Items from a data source
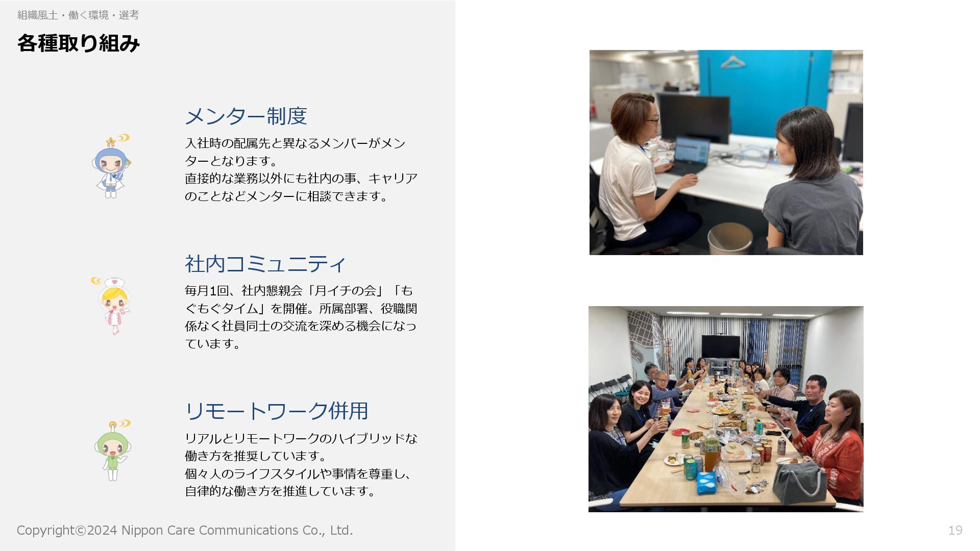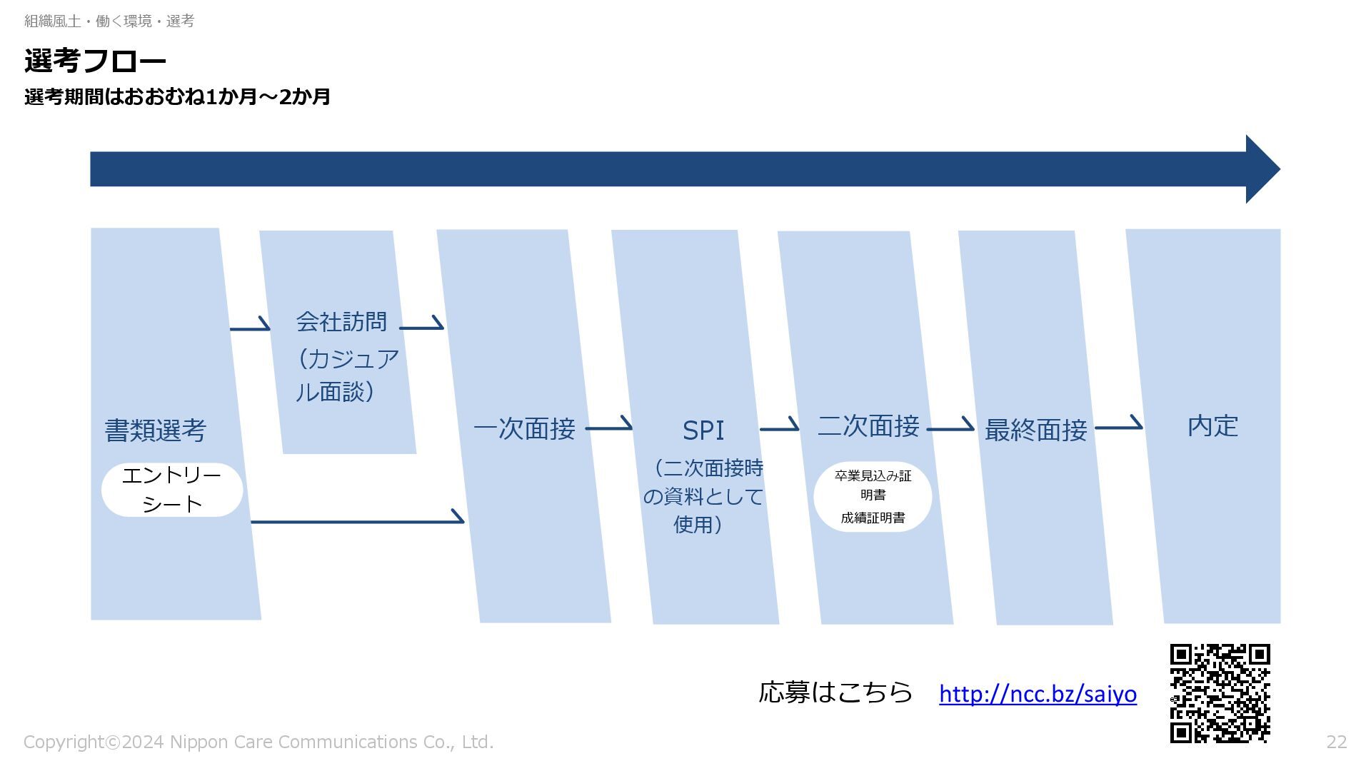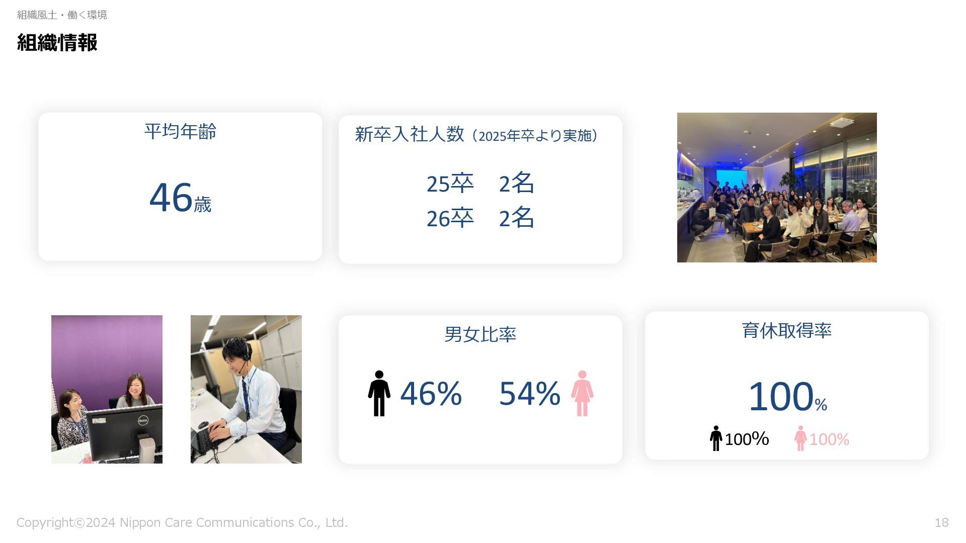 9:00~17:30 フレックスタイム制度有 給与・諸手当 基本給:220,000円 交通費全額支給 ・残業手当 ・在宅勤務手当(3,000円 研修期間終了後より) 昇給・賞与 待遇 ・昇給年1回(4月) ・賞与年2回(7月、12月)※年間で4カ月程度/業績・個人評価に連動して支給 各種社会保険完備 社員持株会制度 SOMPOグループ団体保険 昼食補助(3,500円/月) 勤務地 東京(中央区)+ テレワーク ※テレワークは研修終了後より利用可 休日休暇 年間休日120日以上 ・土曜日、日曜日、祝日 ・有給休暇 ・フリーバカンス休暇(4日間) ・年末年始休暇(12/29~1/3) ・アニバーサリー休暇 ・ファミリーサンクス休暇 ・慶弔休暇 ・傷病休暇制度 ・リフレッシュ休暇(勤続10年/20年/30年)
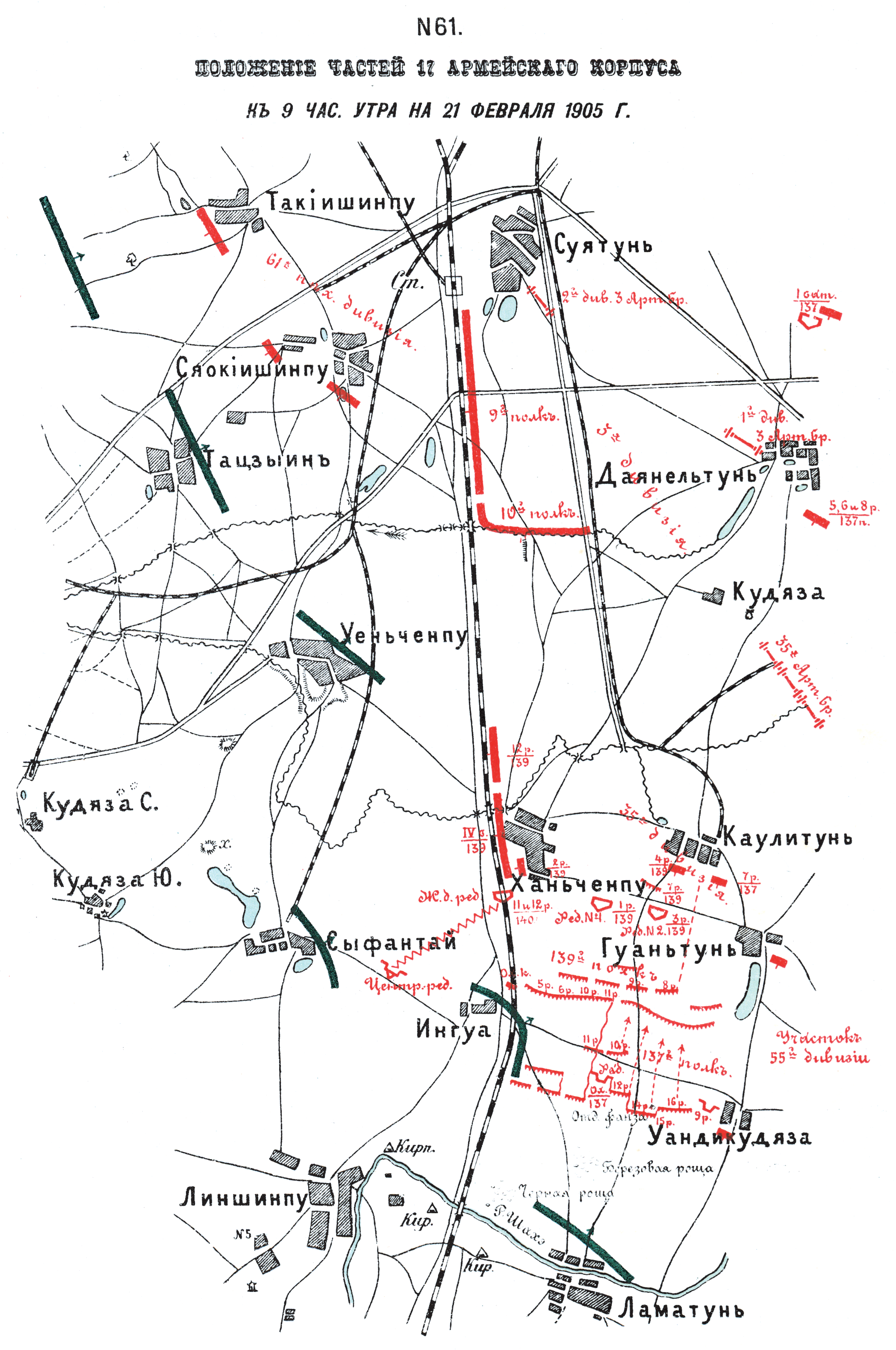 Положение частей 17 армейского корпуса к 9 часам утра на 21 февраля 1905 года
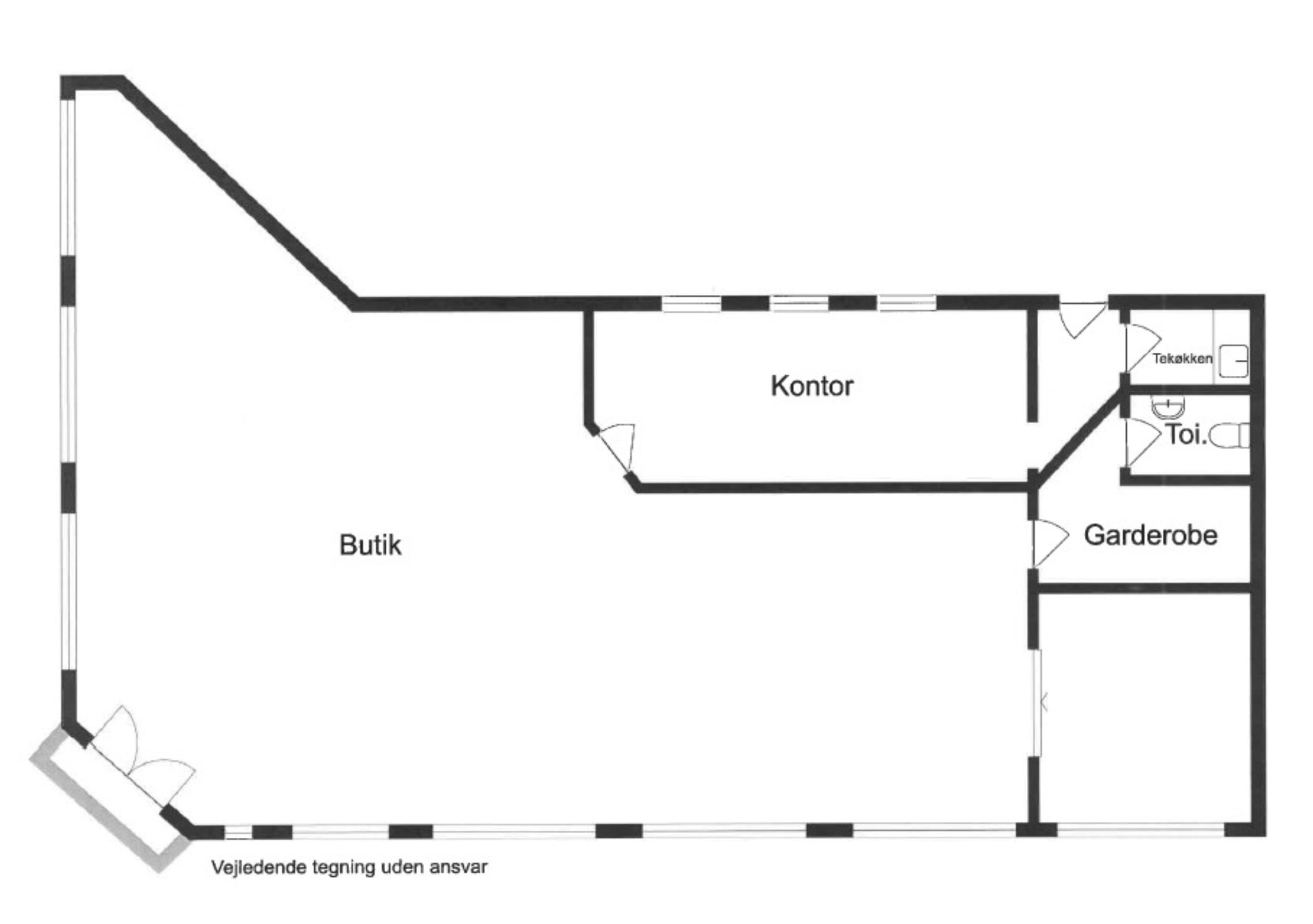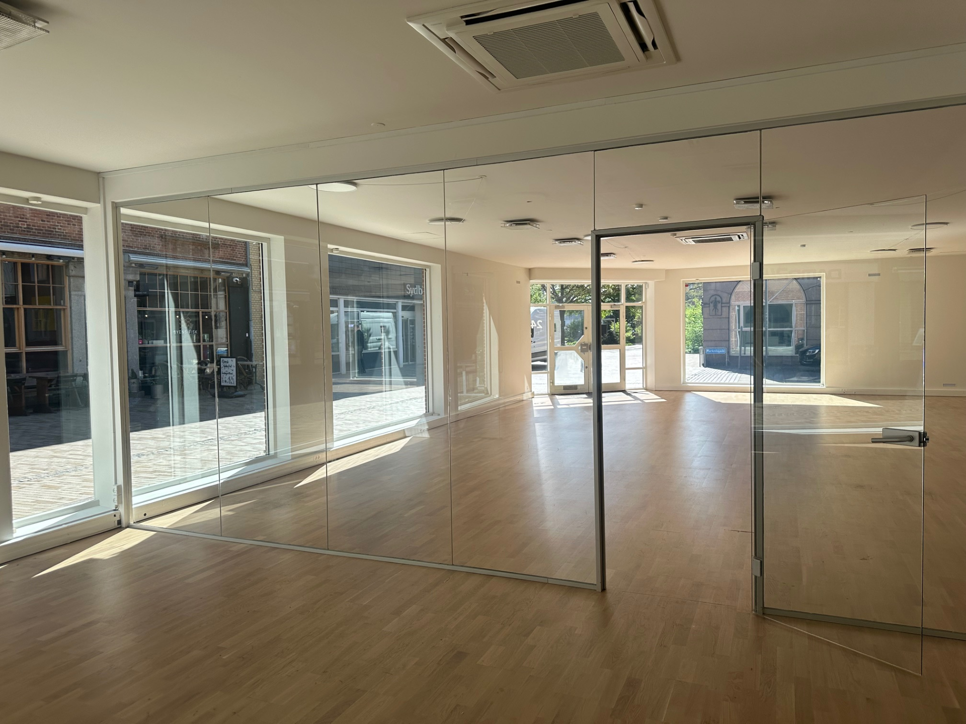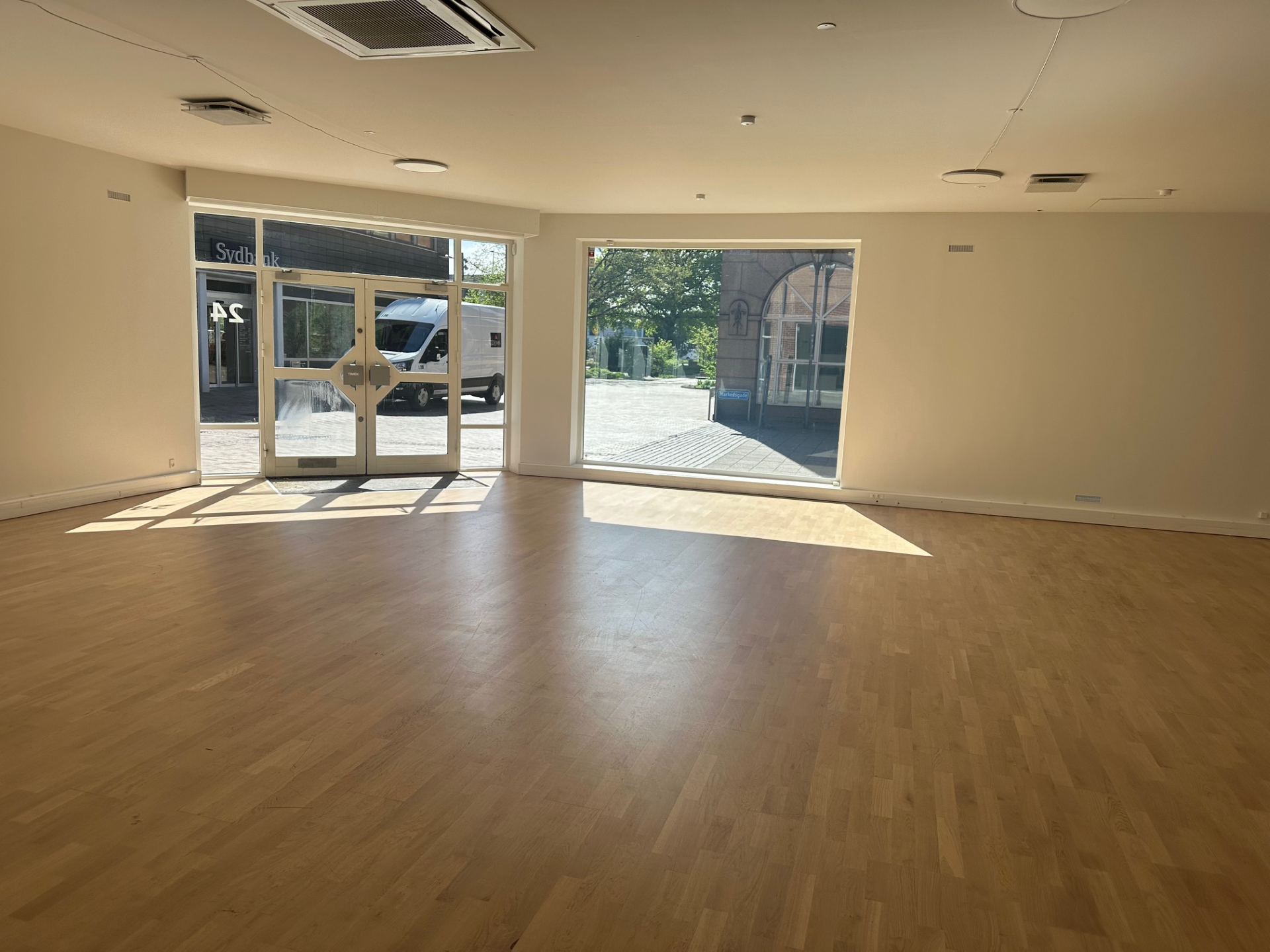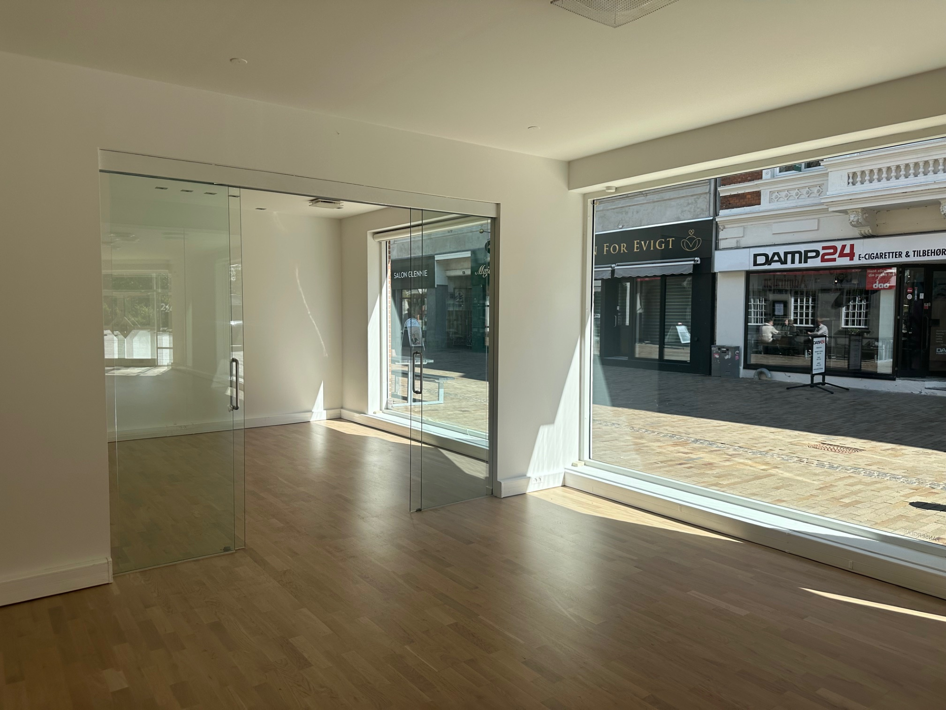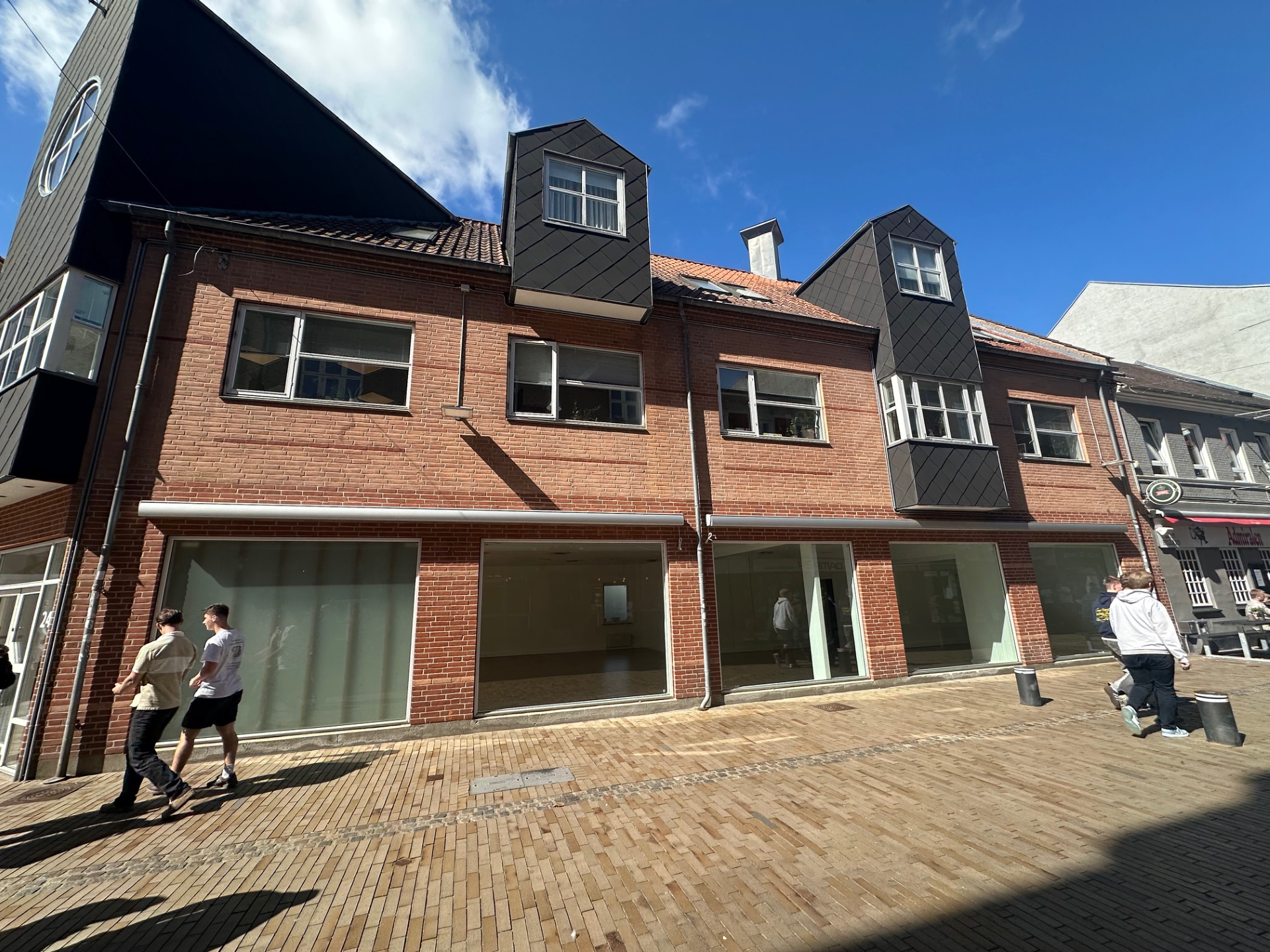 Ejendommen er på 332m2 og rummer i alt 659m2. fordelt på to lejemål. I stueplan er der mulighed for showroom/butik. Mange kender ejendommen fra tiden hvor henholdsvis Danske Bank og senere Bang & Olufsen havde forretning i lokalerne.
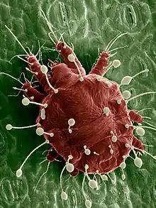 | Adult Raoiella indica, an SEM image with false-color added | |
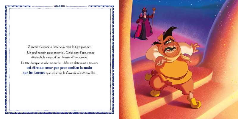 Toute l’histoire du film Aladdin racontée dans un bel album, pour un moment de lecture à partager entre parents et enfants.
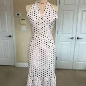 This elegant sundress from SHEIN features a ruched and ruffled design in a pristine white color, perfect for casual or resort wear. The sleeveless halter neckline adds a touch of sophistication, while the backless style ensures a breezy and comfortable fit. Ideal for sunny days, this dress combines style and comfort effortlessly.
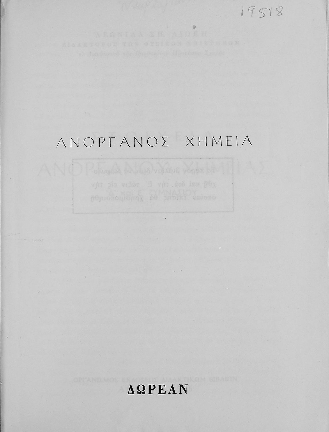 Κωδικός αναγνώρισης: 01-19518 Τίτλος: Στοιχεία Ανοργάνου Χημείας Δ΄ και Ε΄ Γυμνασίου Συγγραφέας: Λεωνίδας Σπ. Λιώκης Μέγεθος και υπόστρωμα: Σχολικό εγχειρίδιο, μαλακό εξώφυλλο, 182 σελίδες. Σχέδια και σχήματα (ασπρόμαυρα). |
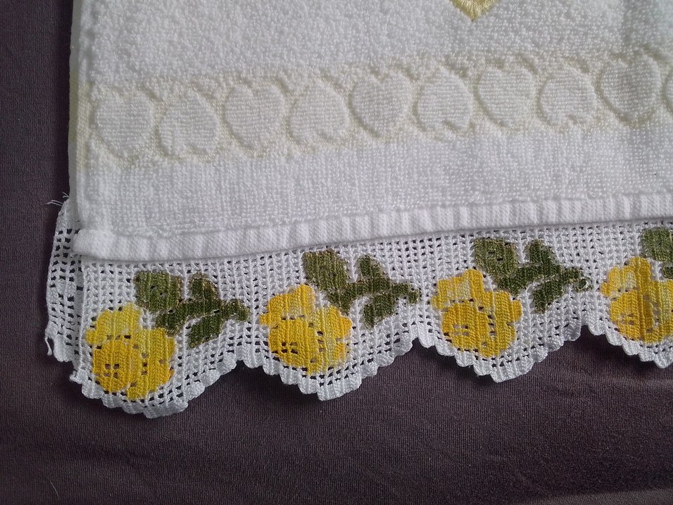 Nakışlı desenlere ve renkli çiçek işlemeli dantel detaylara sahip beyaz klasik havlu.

# What the task requires
Each line of the data is to be duplicated exactly; pictures stay out of the copy.

# Result of this task
 9:00~17:30 フレックスタイム制度有 給与・諸手当 基本給:220,000円 交通費全額支給 ・残業手当 ・在宅勤務手当(3,000円 研修期間終了後より) 昇給・賞与 待遇 ・昇給年1回(4月) ・賞与年2回(7月、12月)※年間で4カ月程度/業績・個人評価に連動して支給 各種社会保険完備 社員持株会制度 SOMPOグループ団体保険 昼食補助(3,500円/月) 勤務地 東京(中央区)+ テレワーク ※テレワークは研修終了後より利用可 休日休暇 年間休日120日以上 ・土曜日、日曜日、祝日 ・有給休暇 ・フリーバカンス休暇(4日間) ・年末年始休暇(12/29~1/3) ・アニバーサリー休暇 ・ファミリーサンクス休暇 ・慶弔休暇 ・傷病休暇制度 ・リフレッシュ休暇(勤続10年/20年/30年)
 Положение частей 17 армейского корпуса к 9 часам утра на 21 февраля 1905 года
 Ejendommen er på 332m2 og rummer i alt 659m2. fordelt på to lejemål. I stueplan er der mulighed for showroom/butik. Mange kender ejendommen fra tiden hvor henholdsvis Danske Bank og senere Bang & Olufsen havde forretning i lokalerne.
 | Adult Raoiella indica, an SEM image with false-color added | |
 Toute l’histoire du film Aladdin racontée dans un bel album, pour un moment de lecture à partager entre parents et enfants.
 This elegant sundress from SHEIN features a ruched and ruffled design in a pristine white color, perfect for casual or resort wear. The sleeveless halter neckline adds a touch of sophistication, while the backless style ensures a breezy and comfortable fit. Ideal for sunny days, this dress combines style and comfort effortlessly.
 Κωδικός αναγνώρισης: 01-19518 Τίτλος: Στοιχεία Ανοργάνου Χημείας Δ΄ και Ε΄ Γυμνασίου Συγγραφέας: Λεωνίδας Σπ. Λιώκης Μέγεθος και υπόστρωμα: Σχολικό εγχειρίδιο, μαλακό εξώφυλλο, 182 σελίδες. Σχέδια και σχήματα (ασπρόμαυρα). |
 Nakışlı desenlere ve renkli çiçek işlemeli dantel detaylara sahip beyaz klasik havlu.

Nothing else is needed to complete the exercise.